The proposed pay hikes undeniably lack the power to ensure the nation's departure from deflation. Further efforts must be made to improve the treatment of workers, who engage in production work and who are also the core of consumption.
In this year's annual spring labor-management wage negotiations involving major businesses, which include automakers and electric appliance makers, the management side has simultaneously shown pay hike levels, among other things, to labor unions for the new fiscal year starting in April.
For this year's spring wage talks, the Japan Business Federation (Keidanren) has set a target of a 3 percent hike on an annual income basis. Keidanren called for its member companies to respond actively by increasing pay scale, in which basic salaries are bumped up across the board, and boosting regular pay increases.
The fact that more firms have offered bigger basic pay increases than last year could serve as a tailwind for business recovery. It is also notable that some companies have offered a 3 percent increase on an annual income basis.

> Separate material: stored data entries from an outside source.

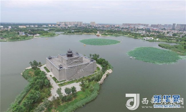 8月19日無人機(jī)拍攝的河北省河間市瀛州公園。
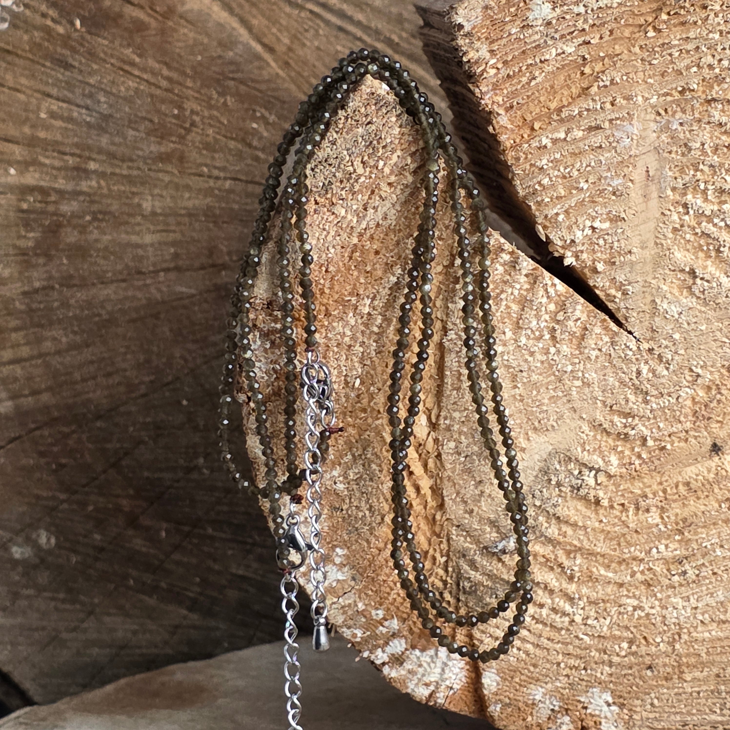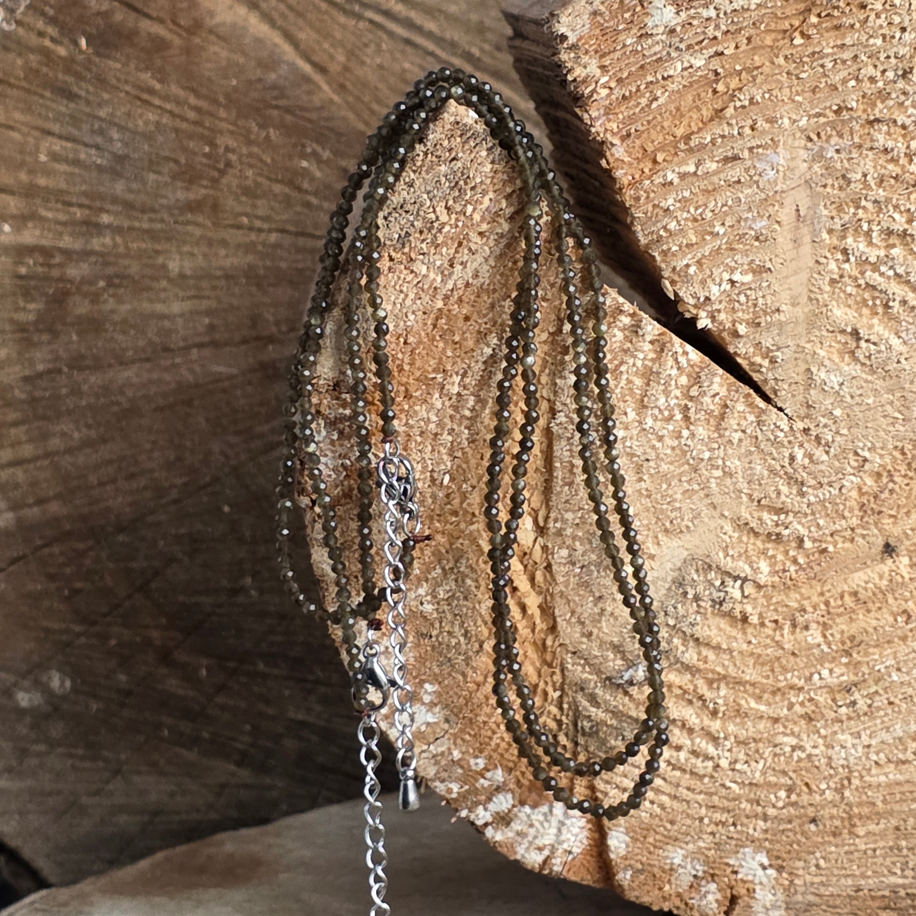 Colier obsidian argintiu sfere 2 mm, dimensiune: 38 + 5 cm (lant prelungire)
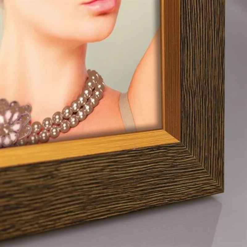 The ZRD23 Quentin Dark Brown 20x30 cm by Zep Italia is a single photo frame suitable for one 20x30 cm photo. The article stands out by its beautiful wood-colored frame, which provides an elegant look. The total dimensions, including the frame, are 22x32 cm.
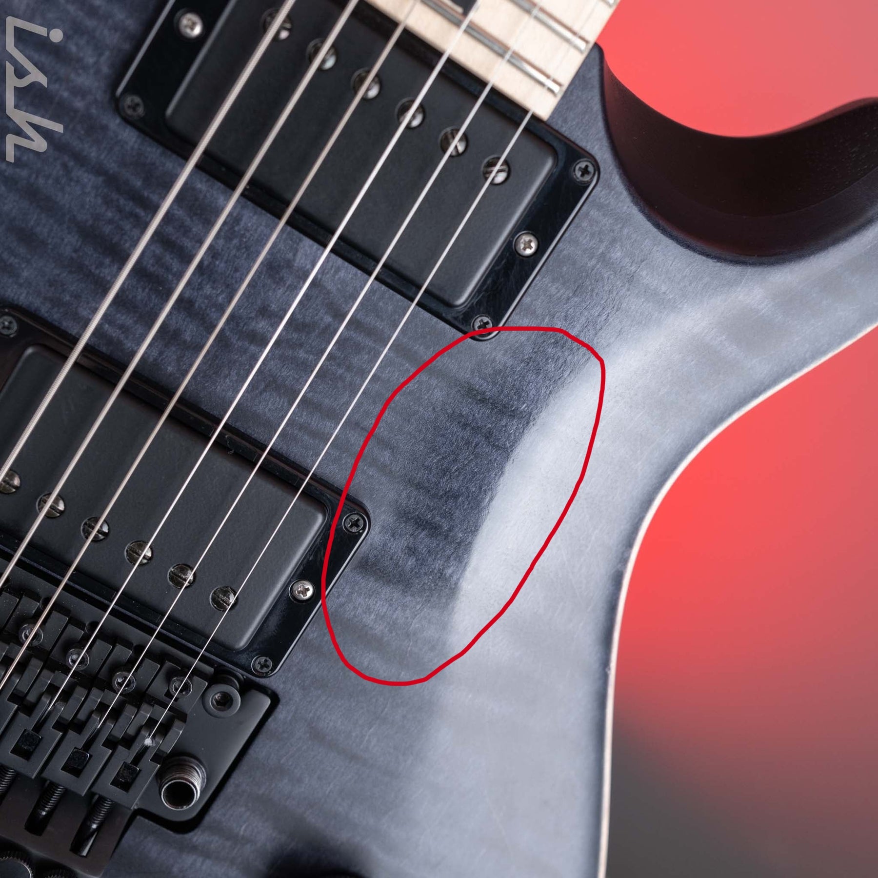 Cosmetic Condition: Very good condition with some slight glossing below the pickups in the satin finish as well as some scratching on the pickup covers. There are also some minor indentations from the floyd rose pressing against the inside of the cavity. Small belt rash scratch/ding on back of guitar. Ding on back of the neck as well.

However, the fact remains that the proposed increases centered on higher bonuses. There are fewer companies that have achieved the targeted 3 percent increase through pay scale increases and regular pay hikes alone. So the offered pay increases seem to have a limited effect on spurring consumption.
Honda Motor Co.'s pay increase offer topped 3 percent on an annual income basis, but it is believed that the carmaker has stopped short of reaching 3 percent in terms of the combined pay scale increase and regular pay hike. Nissan Motor Co.'s pay scale increase and regular pay hike stood at 2.4 percent.
Major electric appliance maker Hitachi Ltd. has offered a 2.3 percent hike with pay scale increase topping that for the previous year, but this is half the increase seen in the 2015 spring labor negotiations.
Looking at big businesses on the whole, the pay scale increase and regular pay hike percentage is widely believed to be at the 2 percent level, the same level as in the previous year.
It is imperative for the management side to shake off the deflationary mind-set that hardens its defensive stance, and switch to an aggressive policy stance.
Vital to boost productivity
The future course of labor-management negotiations at small and medium-size companies, where 70 percent of all workers are employed, holds the key to realizing a virtuous circle in which pay hikes spur consumption and thus enhance corporate performance.
One way to secure financial resources for the realization of pay hikes for subcontractors would be for big businesses to make concessions in the terms and conditions of transactions with them. Realizing basic pay increases at small and midsize companies would help deal with their manpower shortage.
Concerning non-regular workers, it is imperative to tackle the task of raising their allowances in tandem with efforts to employ them as regular workers.
In this year's spring labor-management pay raise talks, an agreement has been reached at many firms to remedy long working hours ahead of work style reforms being promoted by the government.
Unjust labor practices such as unpaid overtime work must be reformed. There is also concern, however, that a decrease in overtime will cause a drop in employees' income.
If the government's regulation of overtime comes to pass, workers' after-tax income will decline by about 3 percent, according to one survey result.
Pay hikes would come to nothing if they are offset by cuts in overtime payment. Businesses should study measures to enhance their earning power and firmly maintain real-term pay increases.
Improvement in productivity is indispensable to ensuring continued pay hikes. Investment in information technology to boost business efficiency and fostering high-level human resources are urgent tasks to be tackled. The government, for its part, should bolster tax assistance measures, to encourage corporate investment in human resources.